Before running any step of the workflow, it is important to understand how the configuration is constructed. The configuration file defines all the parameters for the analysis, including paths, settings, and options for each step.

### Configuration Overview

The CMS analysis framework organizes configuration into logical sections that control different aspects of the workflow:

**Analysis Configuration Sections:**
- 🔧 **General**: Luminosity (59.8 fb⁻¹), analysis type, workflow step toggles
- 📊 **Datasets**: MC samples (DY+jets, QCD, ttbar), data runs, cross-sections  
- 🔍 **Channels**: Analysis channels (e.g., CMS_WORKSHOP with Z' → tt̄ selection)
- ✂️ **Selection**: Baseline event filters and object quality cuts (applied globally)
- 📈 **Observables**: Physics variables to measure (mtt, pT distributions, etc.)
  - **Ghost Observables**: Variables computed but not histogrammed (inputs for template observables)
- 🔧 **Corrections**: Correctionlib-based corrections and their associated uncertainties
- 🔀 **Systematics**: Other uncertainty sources not tied to correctionlib corrections
- 📊 **Statistics**: Cabinetry integration for statistical fits and uncertainties

**Important Distinctions:**
- **Selection** vs **Channel Selection**: Baseline cuts apply to all channels; individual channels can add their own selection criteria
- **Corrections** vs **Systematics**: Corrections apply correctionlib adjustments plus their built-in uncertainties; systematics handle other uncertainty sources (scale variations, PDF uncertainties, etc.)
- **Ghost Observables**: Computed alongside regular observables but excluded from histogramming (used as inputs to build template observables)

**Key Features:**
- **Type-safe validation** via Pydantic schemas prevents configuration errors
- **CLI overrides** allow parameter changes without editing config files  
- **Modular design** enables easy addition of new channels and observables

### Example:
Below is an example of how the configuration is loaded and modified programmatically.

In [1]:
# Import Rich-based Configuration Display from logging module
from utils.logging import display_config_table, get_config_logger

# Create a global config logger instance for this notebook
config_logger = get_config_logger()

In [2]:
# Example: Demonstrate configuration comparison and change detection
from user.configuration import config as original_config
from utils.schema import Config, load_config_with_restricted_cli

import copy

# Save the original configuration for comparison
config = copy.deepcopy(original_config)

print("=== Full configuration ===")
display_config_table(config, expand=True)

=== Full configuration ===


In [3]:
# Let's look at the datasets config
display_config_table({"datasets": config["datasets"]},
                    expand=True)

# Make a modification
config["datasets"]["max_files"] = 10  # Limit to 10 files per dataset

print("=== SHOW ONLY CHANGES ===")
display_config_table({"datasets": config["datasets"]},
                    expand=True,
                    compare_with={"datasets": original_config["datasets"]},
                    show_only_changes=True)

# Step 2: Simulate CLI args processing (usually from sys.argv[1:])
cli_args = []  # No CLI overrides for this demo
full_config = load_config_with_restricted_cli(config, cli_args)

print("✅ Processed CLI arguments and loaded full configuration")
validated_config = Config(**full_config)  # This is the key validation step!

=== SHOW ONLY CHANGES ===


✅ Processed CLI arguments and loaded full configuration


# 3. Output Manager & Directory Structure

The framework uses a centralized `OutputDirectoryManager` (`utils/output_manager.py`) to organize all analysis outputs.

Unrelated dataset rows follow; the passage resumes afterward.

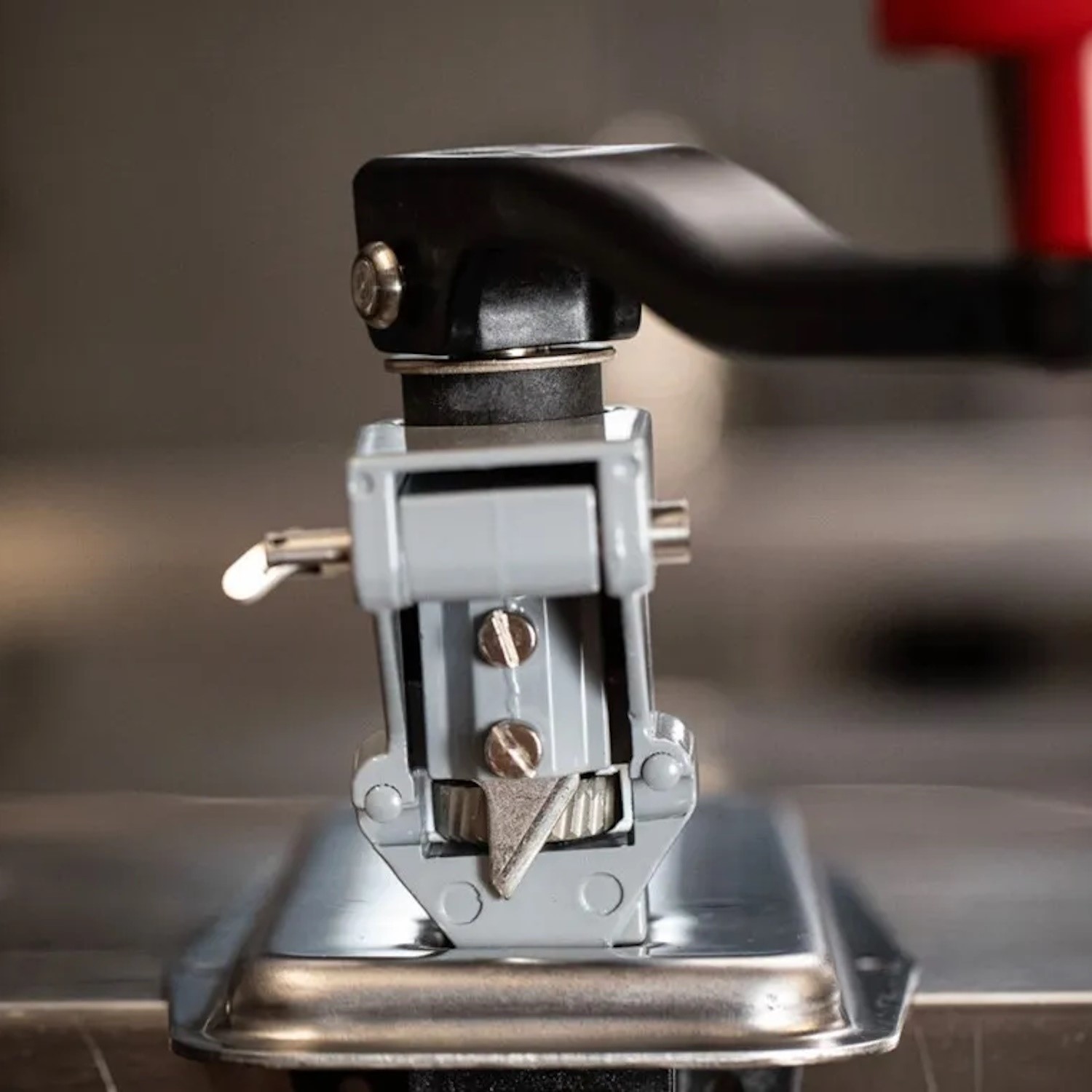 With an ergonomic handle, it provides a comfortable grip that reduces hand strain, allowing for quick and efficient operation, allowing staff to maintain speed and safety during even the busiest service periods. The R25 model is adaptable for various can sizes, making it versatile enough to handle both small and large cans, perfect for those who require a heavy-duty tool that can handle all their kitchen needs. The blade of a Bonzer can opener isn't sharp - therefore, it produces a clean, safe cut in which you can run your finger around without fear of slicing. This has the added benefit of releasing no metal swarf which could end up in the food.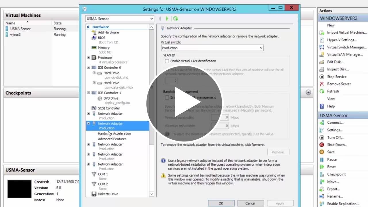 This video demonstrates the initial deployment and configuration of a Hyper-V sensor. It also demonstrates the sensor activation through the web UI.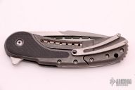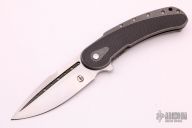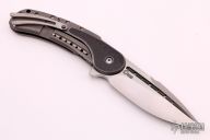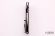 This Bodega Slim from Todd Begg Knives features a satin finished blade with notched thumbrest, fullers and flipper, .152" blade stock. The handle has a stonewashed titanium frame with carbon fiber inlays, titanium backspacer with fuller, tip up titanium pocket clip with cracked ice finish and ceramic ball inset. Has excellent detent, lockup and blade seating. Features a ceramic IKBS pivot. Knife is in excellent condition. #18 of 30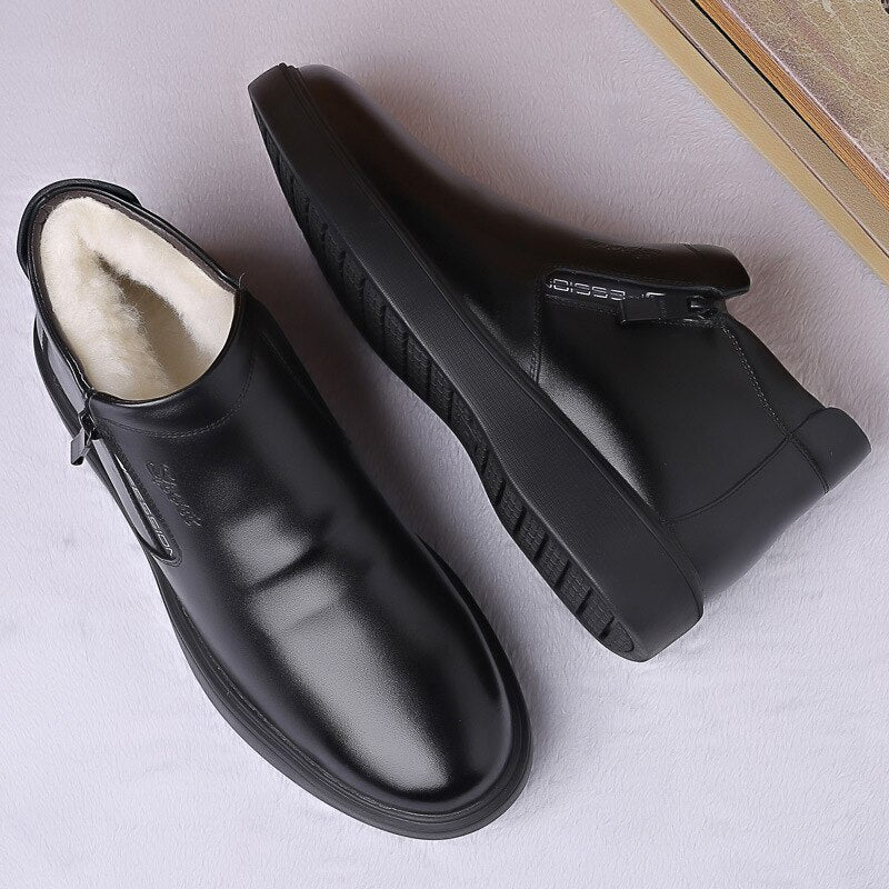 Men's Waterproof Warm Leather Boots With Fur Winter

This ensures consistent file organization and makes it easy to locate results.

In [4]:
from utils.output_manager import OutputDirectoryManager

output_manager = OutputDirectoryManager(
    root_output_dir=validated_config.general.output_dir,
    cache_dir=validated_config.general.cache_dir,
    metadata_dir=validated_config.general.metadata_dir,
    skimmed_dir=validated_config.general.skimmed_dir
)

print("✅ Created OutputDirectoryManager with validated paths")

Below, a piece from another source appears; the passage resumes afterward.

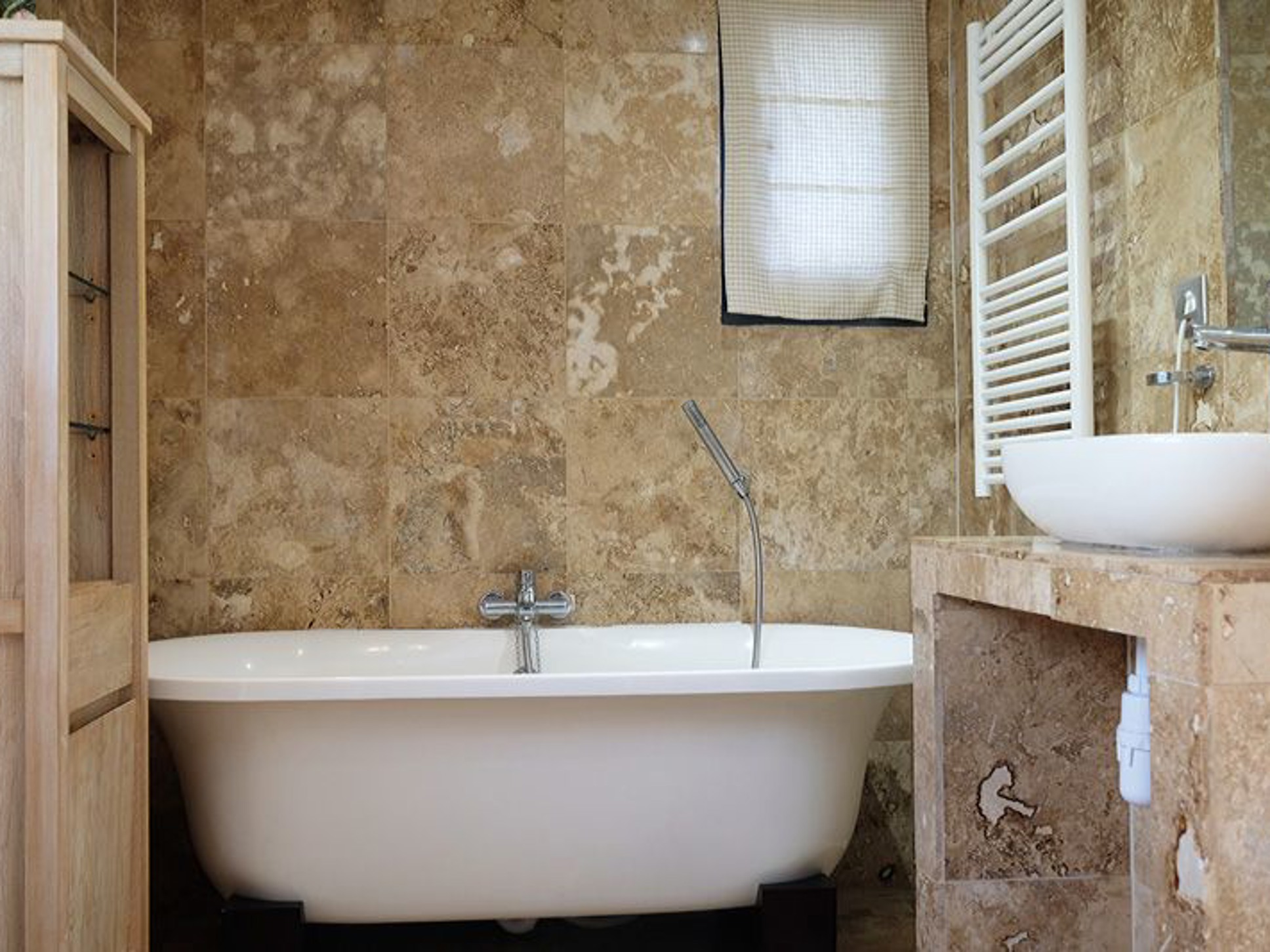 In de tuin bevindt zich een charmante en separate studio. Dit is slaapkamer 5 welke is voorzien van een tweepersoonsbed (160 x 200) en een badkamer met douche, wastafel en toilet. Voor de studio is een klein terrasje met een zitje. De studio is tegen een toeslag mee te huren (zie toelichting bij 'Omgeving'). Zonder de studio is de villla geschikt voor 8 personen.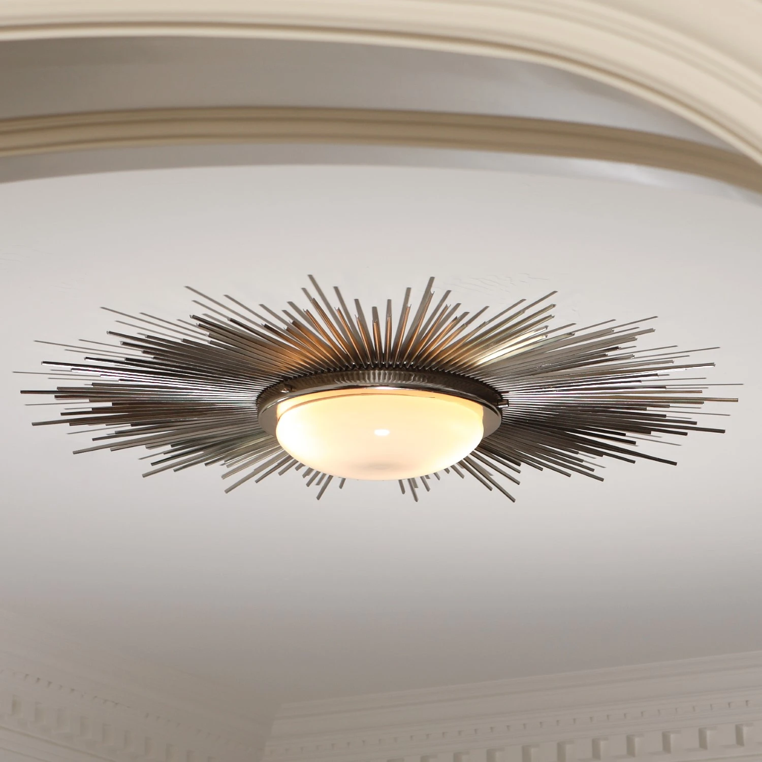 Bring a sunny burst of light to a room with our Sunburst Light Fixture! The fixture features a frosted glass shade and holds two 40 watt bulbs. Available in two metal finishes: nickel and gold.

✅ Created OutputDirectoryManager with validated paths


## 4. Metadata Extraction

The metadata extraction step scans NanoAOD datasets to collect essential information needed for analysis. This includes file inventories, event counts, and dataset metadata.

**Backend Process** (`utils/metadata_extractor.py`):
- **File Discovery**: Uses `ConfigurableDatasetManager` to locate dataset files
- **Coffea Integration**: Leverages Coffea's `preprocess()` function for efficient file scanning
- **Workitem Generation**: Creates processing units for parallel execution
- **Caching**: Stores metadata as JSON files for faster subsequent runs

**Key Outputs:**
- `fileset.json`: Complete file inventory with paths and metadata
- `workitems.json`: Processing units for distributed execution  
- `nanoaods.json`: Summary of available NanoAOD information

In [None]:
from utils.metadata_extractor import NanoAODMetadataGenerator
from utils.datasets import ConfigurableDatasetManager

# Step 1: Create dataset manager instance
dataset_manager = ConfigurableDatasetManager(validated_config.datasets)

# Step 2: Create metadata generator instance
metadata_generator = NanoAODMetadataGenerator(
    dataset_manager=dataset_manager,
    output_manager=output_manager
)
# In the back this uses coffea's preprocess function
metadata = metadata_generator.run()

Output()

# 5. Skimming & Event Selection

The skimming step processes workitems to apply event selection and reduce dataset size. This creates smaller, focused datasets containing only events of interest for the analysis.

**Backend Implementation** (`utils/skimming.py`):
- **Dask Integration**: Uses Dask-Awkward for distributed processing in a coffea-processor-like setup (see [Alex's issue](https://github.com/scikit-hep/coffea/issues/1393))
- **Selection Functions**: Applies user-defined cuts from configuration
- **ROOT Output**: Saves skimmed events as ROOT files with preserved structure (to be changed)
- **Metadata Tracking**: Needed for book-keeping and normalization
- **Caching Support**: Automatically caches results into .pkl files to avoid reprocessing unchanged datasets

In [None]:
from utils.skimming import process_workitems_with_skimming

# Extract workitems and fileset from metadata generator
fileset = metadata_generator.fileset
workitems = metadata_generator.workitems

print(f"📊 Processing {len(workitems)} workitems across {len(fileset)} datasets")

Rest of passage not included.